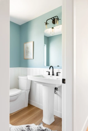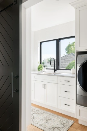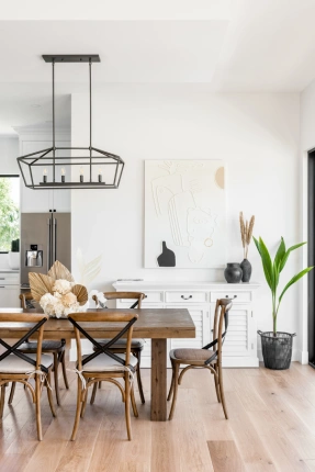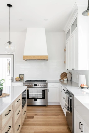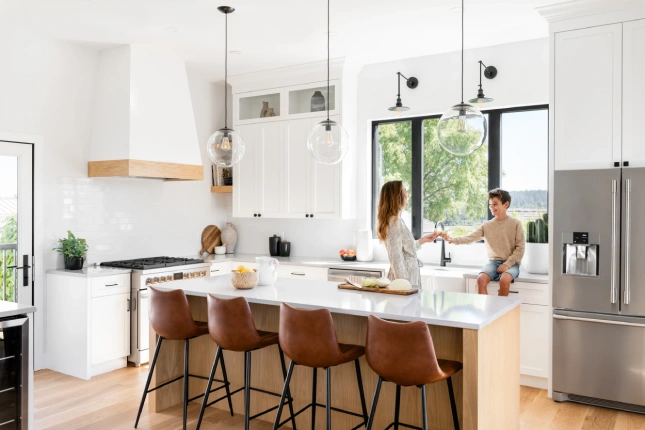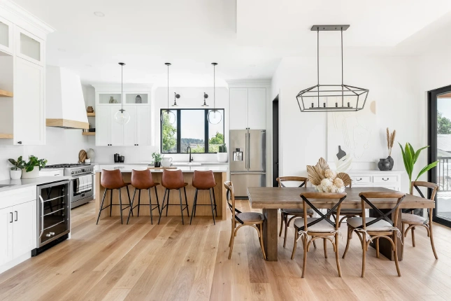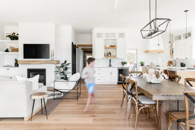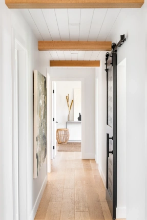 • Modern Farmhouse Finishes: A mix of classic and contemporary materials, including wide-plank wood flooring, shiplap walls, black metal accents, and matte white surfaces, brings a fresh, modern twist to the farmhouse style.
◆ ◆ ◆ ◆ ◆
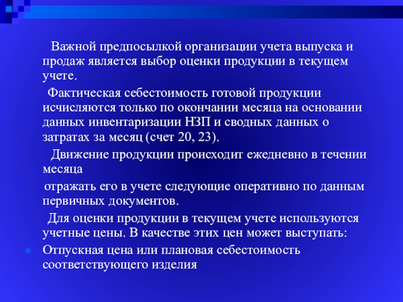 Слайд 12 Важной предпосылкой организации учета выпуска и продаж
◆ ◆ ◆ ◆ ◆
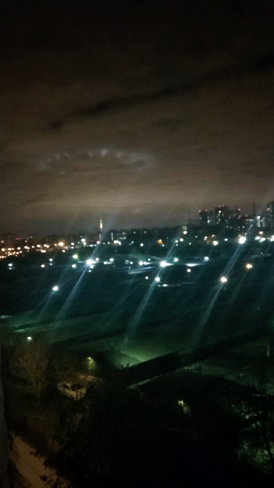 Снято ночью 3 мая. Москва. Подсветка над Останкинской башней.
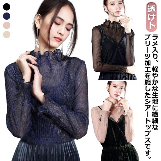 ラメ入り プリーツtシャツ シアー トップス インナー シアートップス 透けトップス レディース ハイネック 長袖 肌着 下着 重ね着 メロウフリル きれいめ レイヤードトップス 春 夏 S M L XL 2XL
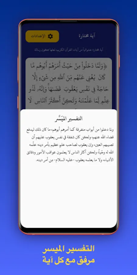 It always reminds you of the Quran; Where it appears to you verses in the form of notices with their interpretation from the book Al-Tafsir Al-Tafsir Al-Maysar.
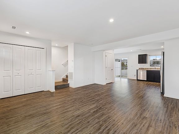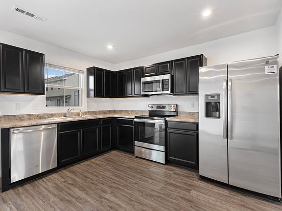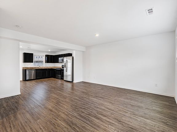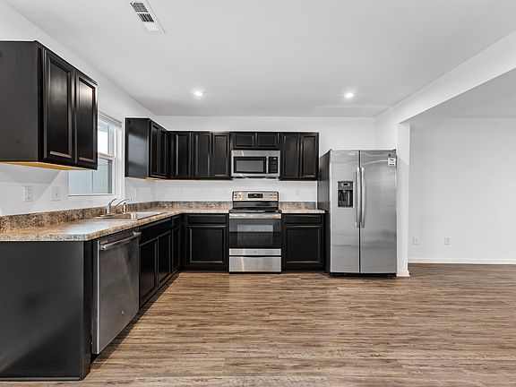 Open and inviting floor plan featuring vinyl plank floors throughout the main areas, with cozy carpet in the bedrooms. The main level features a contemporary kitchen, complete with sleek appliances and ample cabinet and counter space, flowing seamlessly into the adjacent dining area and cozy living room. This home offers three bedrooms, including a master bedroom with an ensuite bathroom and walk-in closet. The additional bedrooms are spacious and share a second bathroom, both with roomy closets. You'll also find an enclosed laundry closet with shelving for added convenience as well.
◆ ◆ ◆ ◆ ◆
* EXERCISE DIRECTIONS: Take the lines above starting at the one containing "ラメ入り プリーツtシャツ シアー" and ending at the one containing "It always reminds", and print them again exactly, without pictures.

* SOLUTION FOR THIS PROBLEM:
 ラメ入り プリーツtシャツ シアー トップス インナー シアートップス 透けトップス レディース ハイネック 長袖 肌着 下着 重ね着 メロウフリル きれいめ レイヤードトップス 春 夏 S M L XL 2XL
 It always reminds you of the Quran; Where it appears to you verses in the form of notices with their interpretation from the book Al-Tafsir Al-Tafsir Al-Maysar.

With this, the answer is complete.